The telematics revolution

The truck telematics revolution

It’s hard to believe that years ago, “technology” inside a cab meant it came with a CB radio. Today, those same cabs have onboard telematics systems that relay information from the drivetrain to help keep track of fuel economy, speed, driving habits—pretty much anything related to the trip.

OEMs have been paying attention to this telematics revolution and are seeking out companies that can provide their trucks with the latest in technology. Recently, Daimler Trucks North America (DTNA) became a minority investor in Zonar Systems, earning Martin Daum, chief executive officer of DTNA, a seat on its board of directors.

“By purchasing a minority stake in Zonar, DTNA aims to strengthen an already-existing partnership with a key collaborator in its efforts to deliver new connected truck offerings,” said Greg Treinen, the sales and marketing manager for Detroit Connect, a DTNA brand. “This investment in Zonar will help advance those efforts by accelerating development of new products, such as applications focused on increasing fuel economy and safety, and delivering those products to our customers quickly.”

Since 2011, Zonar has been supplying Daimler’s Virtual Technician system, which provides a technical snapshot of the powertrain’s status as soon as the Check Engine light comes on and sends it to company technicians, who then arrange for it to be fixed at the nearest dealership with the necessary parts to make the repairs. The system comes off the line with all new Daimler trucks with Detroit engines.

“DTNA can utilize Zonar’s strengths in developing applications to the market much more quickly than without them,” Treinen said. “We can use our knowledge of our trucks and powertrain and combine that with their expertise in connected truck application development to deliver solutions to our customers as the market demands them.”

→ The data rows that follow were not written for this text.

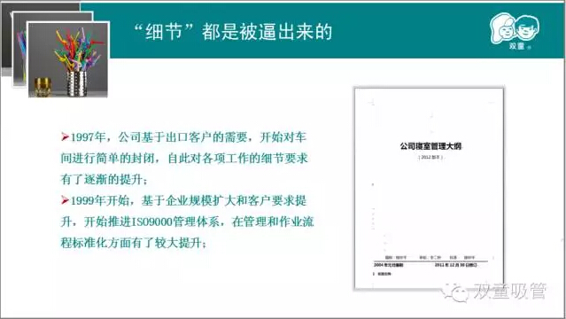 第二章,“雙童”樓仲平結(jié)合我們“雙童”自身的真實案例,來說明實施精細化管理對產(chǎn)品質(zhì)量的重要性!通過和日本客戶的合作,我們一次次地提升,一次次地逼著自己做更高的要求和改變,以此來達到客戶的需求,更通過這些舉措,慢慢地改變我們自己的產(chǎn)品質(zhì)量和員工素質(zhì)!
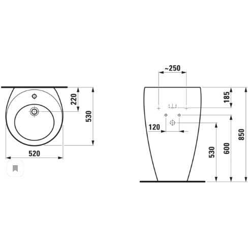 Раковина напольная Laufen (Лауфен) Alessi One пристенная 52х53х85 см, 1 отверстие, покрытие LLC, цвет: белый 8.1197.1.400.104.1
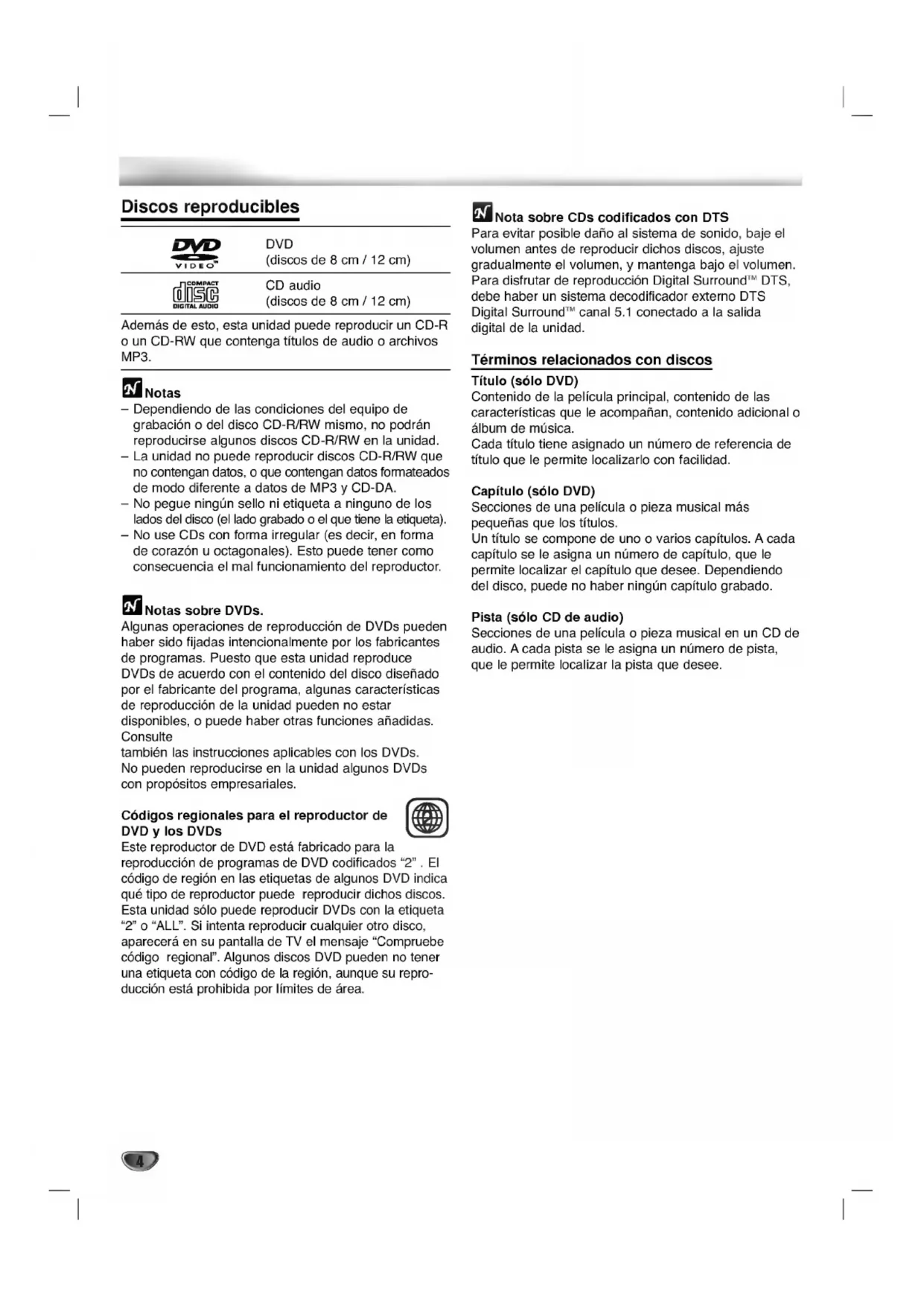 tener una etiqueta con c digo dela regi n, aunque repro-ducci nest prohibida porl mitesderea.NotasobreCDscodificados con DTSParaevitar posible da oalsistemade sonido, baje elvolumen antes reproducir dichos discos, ajuste gradualmente volumen, ymantenga bajo elvolumen.Paradisfrutarde reproducci n Digital SurroundTMDTS,debehaber sistemadecodificador externo DTS Digital SurroundTMcanal5.1conectado lasalida digital delaunidad. Terminos relacionados con discos Titulo (solo DVD) Contenidodela pel cula principal, contenidodelascaracter sticasquele acompa an, contenidoadicional lbumdem sica.Cadat tulotiene asignado

Volvo Trucks, meanwhile, has begun a partnership with Omnitracs, which Volvo says will allow the telematics company to “develop future fleet management services” for the company. Though details about those services are still under wraps, they could range from vehicle and driver performance data to helping fleets control costs and increase safety.

“Volvo Trucks’ strategy has been to partner with best-in-class fleet management providers,” said Conal Deedy, Volvo’s director of connected vehicle services. “Omnitracs has a long history and strong reputation in telematics services for Class 8 vehicles, and many of our customers are already Omnitracs customers so it is a very good fit.”

“This relationship with Omnitracs will advance our connected vehicle strategy by opening the door to another leading provider of services to help our customers run their businesses more efficiently,” Conal Deedy, Volvo Trucks’ director of connected vehicle services, said in a statement.

This comes just months after Volvo invested in Peloton Technologies, provider of a truck platooning system that is an integrated safety, efficiency and analytics platform that builds on advanced safety technologies such as collision mitigation and adaptive cruise control systems.

Interestingly, despite the telematics advances made by many OEMs (and the resources of said OEMs), the companies have elected to pair up with existing telematics providers rather than supply their own.

“The advantage of the Omnitracs partnership is that we are able to incorporate their strengths – delivering location-based services such as dispatch, regulatory services and integrations into the customer business processes – with Volvo’s knowledge and expertise in accessing robust vehicle data from our Volvo Remote Diagnostics telematics system,” said Deedy. “Together we’re adding value to the data through services tailored to our customers’ operational needs.”